# [REQUIRED ACTION]
Output every entry exactly as written, but omit the pictures.

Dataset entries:
================
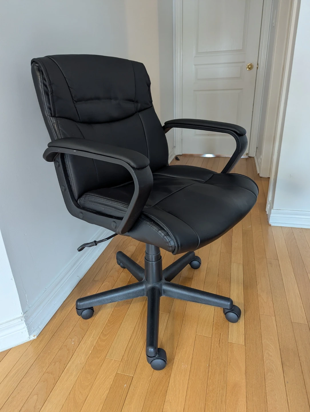 Selling my chair with light usage (I work from the office fully and don't need it taking up space). It has a padded seat and backrest for comfort. The chair features a five-star base with wheels for easy mobility. It's suitable for a home office or workspace! The wheels work well on a floor mat or hardwood floor, but wouldn't be ideal for a thicker carpet.
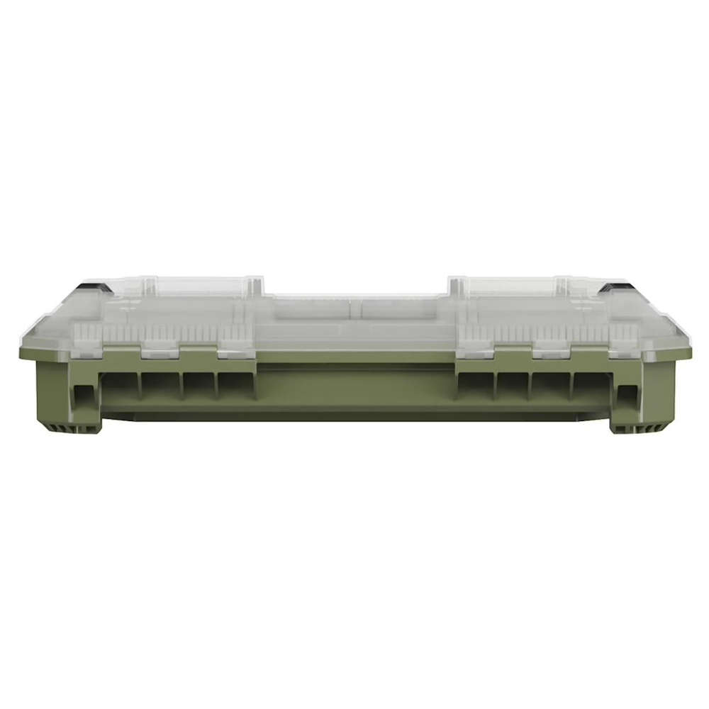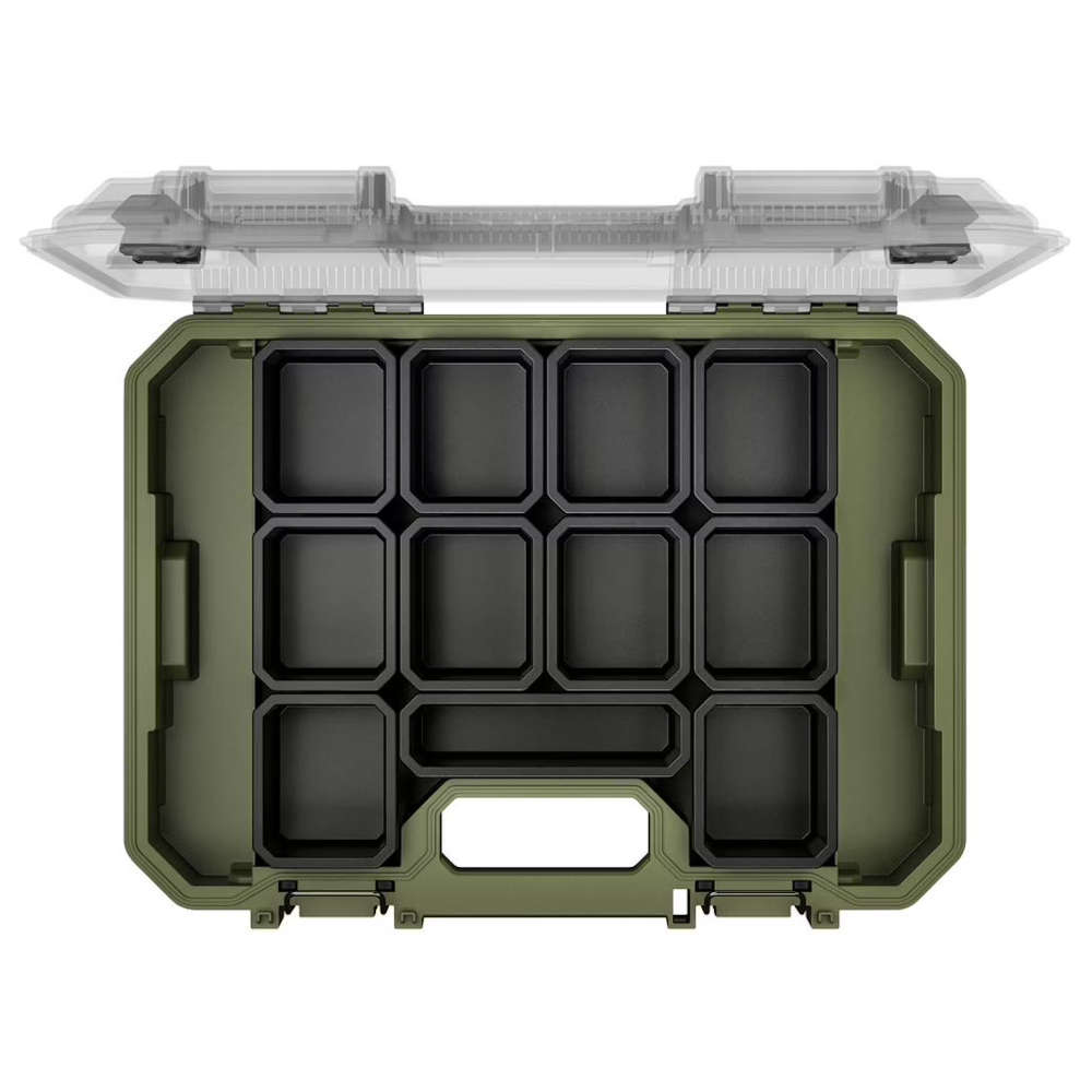 Binnenin bevinden zich 11 afsluitbare bins plus extra opbergruimte, waardoor kleine componenten overzichtelijk en veilig opgeborgen blijven. De transparante deksel maakt directe inhoudscontrole mogelijk, terwijl het geïntegreerde handvat zorgt voor eenvoudig transport. Met IP65-bescherming tegen stof en water blijven onderdelen beschermd tegen vuil en vocht, zelfs in veeleisende werkomgevingen.
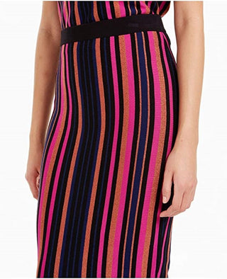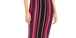 Bar III Women's Glitter Striped Below The Knee Pencil Skirt Pink Size Medium
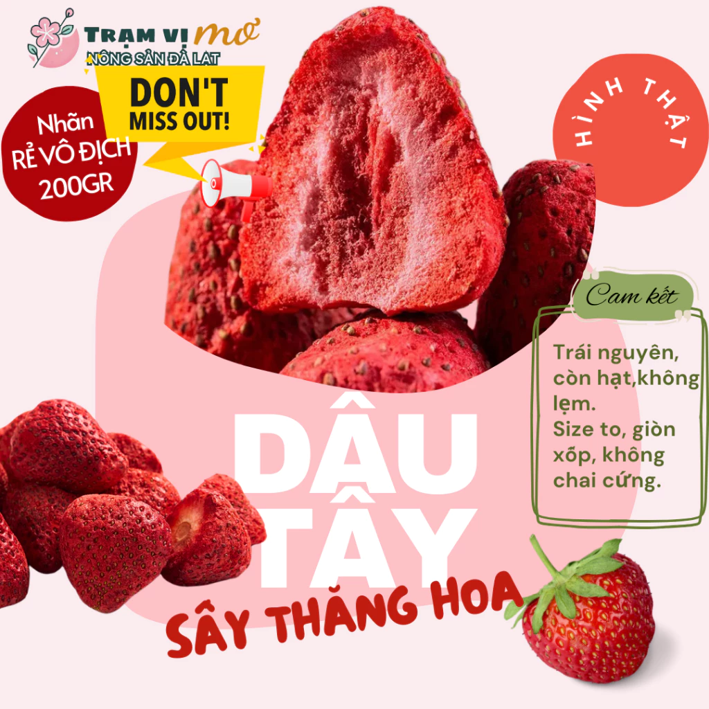 Với giá chỉ 76000 VND, Dâu Tây Sấy Thăng Hoa là một lựa chọn hợp lý cho những người muốn tận hưởng dâu tây sấy giòn tan một cách lành mạnh. Bạn có thể mua sản phẩm này tại đây.
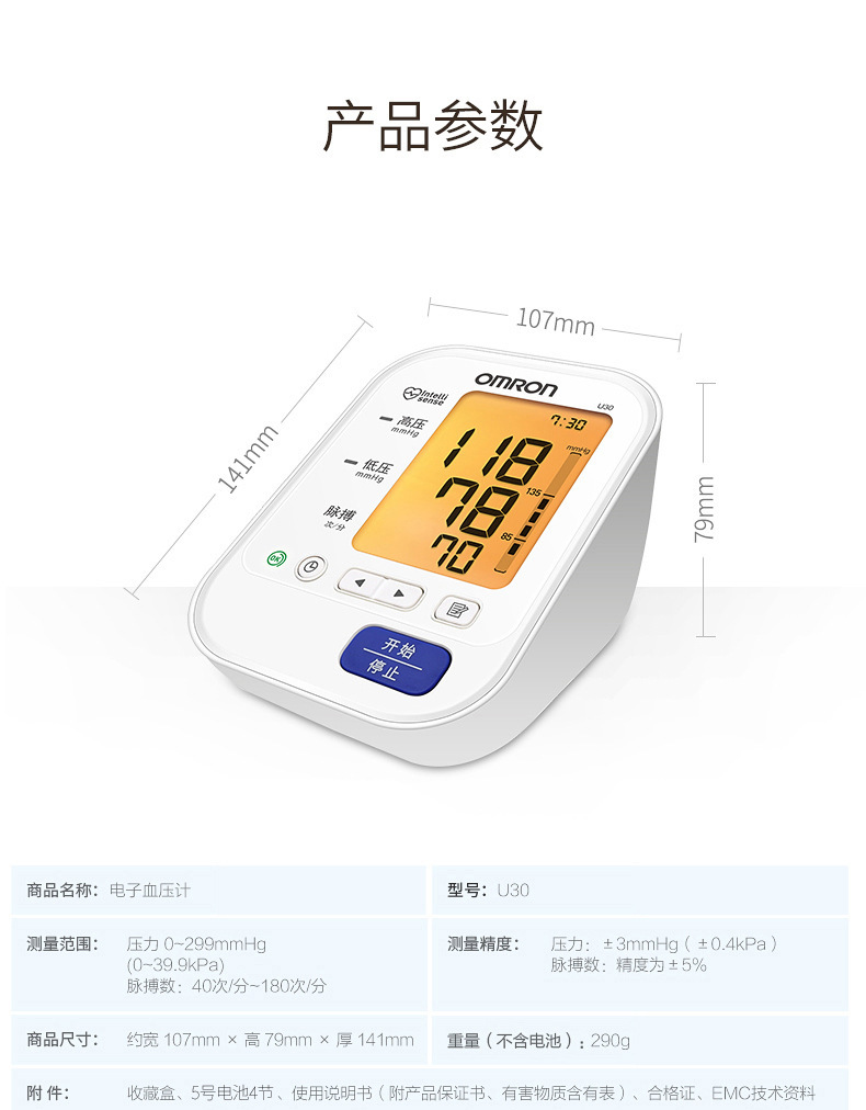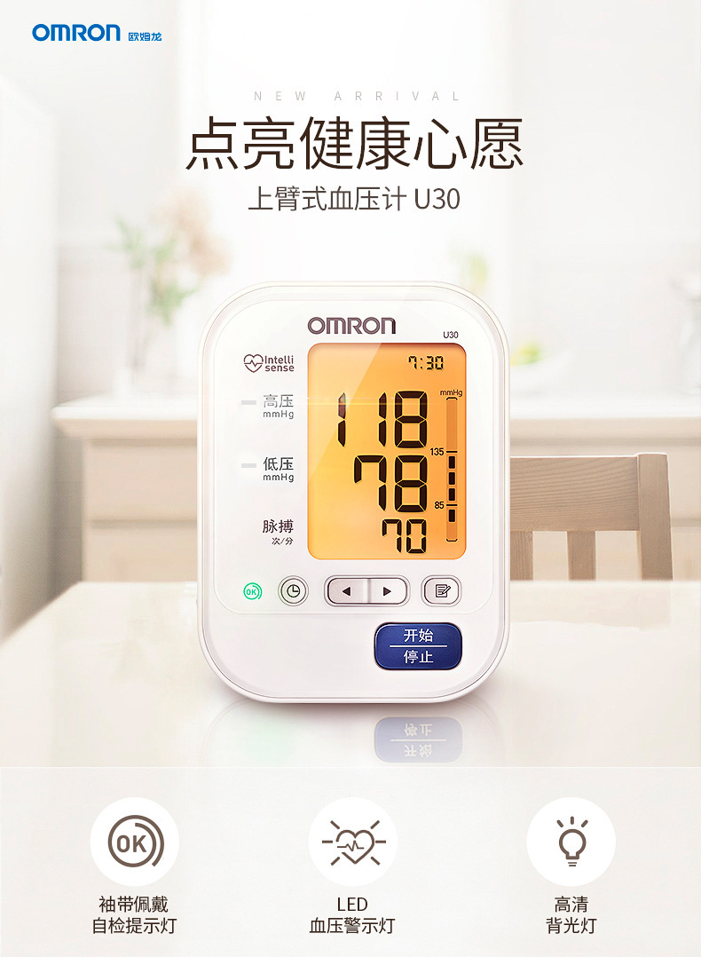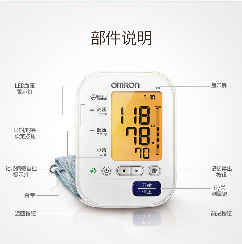 欧姆龙电子血压计U30家用上臂式全自动准确血压测量血压仪器
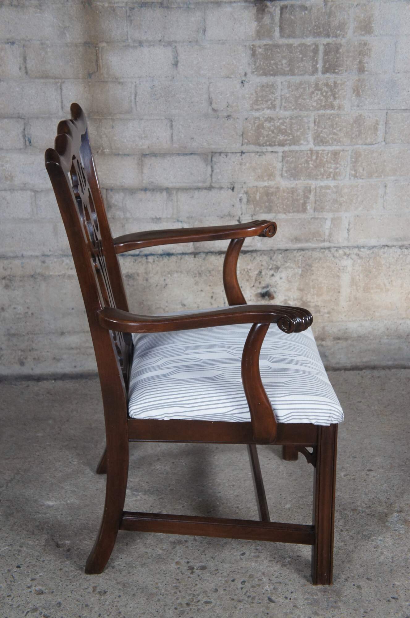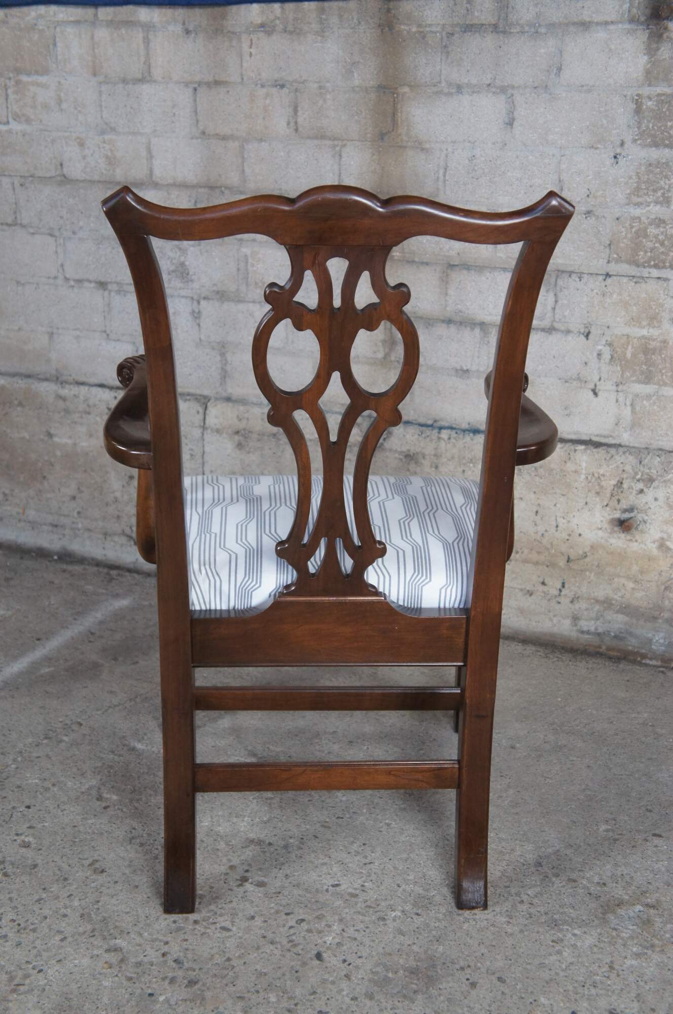 Ethan Allen Splat Back Chippendale Chair, 11-6060A. Part of the Georgian Court Collection. Made from cherry with a serpentine crest rail over pierced splat back and countoured arms. The chair is supported by straight legs with fluted accents. Seat is upholstered in a striped fabric. Circa 1980s
================
# [EXERCISE SOLUTION]
 Selling my chair with light usage (I work from the office fully and don't need it taking up space). It has a padded seat and backrest for comfort. The chair features a five-star base with wheels for easy mobility. It's suitable for a home office or workspace! The wheels work well on a floor mat or hardwood floor, but wouldn't be ideal for a thicker carpet.
 Binnenin bevinden zich 11 afsluitbare bins plus extra opbergruimte, waardoor kleine componenten overzichtelijk en veilig opgeborgen blijven. De transparante deksel maakt directe inhoudscontrole mogelijk, terwijl het geïntegreerde handvat zorgt voor eenvoudig transport. Met IP65-bescherming tegen stof en water blijven onderdelen beschermd tegen vuil en vocht, zelfs in veeleisende werkomgevingen.
 Bar III Women's Glitter Striped Below The Knee Pencil Skirt Pink Size Medium
 Với giá chỉ 76000 VND, Dâu Tây Sấy Thăng Hoa là một lựa chọn hợp lý cho những người muốn tận hưởng dâu tây sấy giòn tan một cách lành mạnh. Bạn có thể mua sản phẩm này tại đây.
 欧姆龙电子血压计U30家用上臂式全自动准确血压测量血压仪器
 Ethan Allen Splat Back Chippendale Chair, 11-6060A. Part of the Georgian Court Collection. Made from cherry with a serpentine crest rail over pierced splat back and countoured arms. The chair is supported by straight legs with fluted accents. Seat is upholstered in a striped fabric. Circa 1980s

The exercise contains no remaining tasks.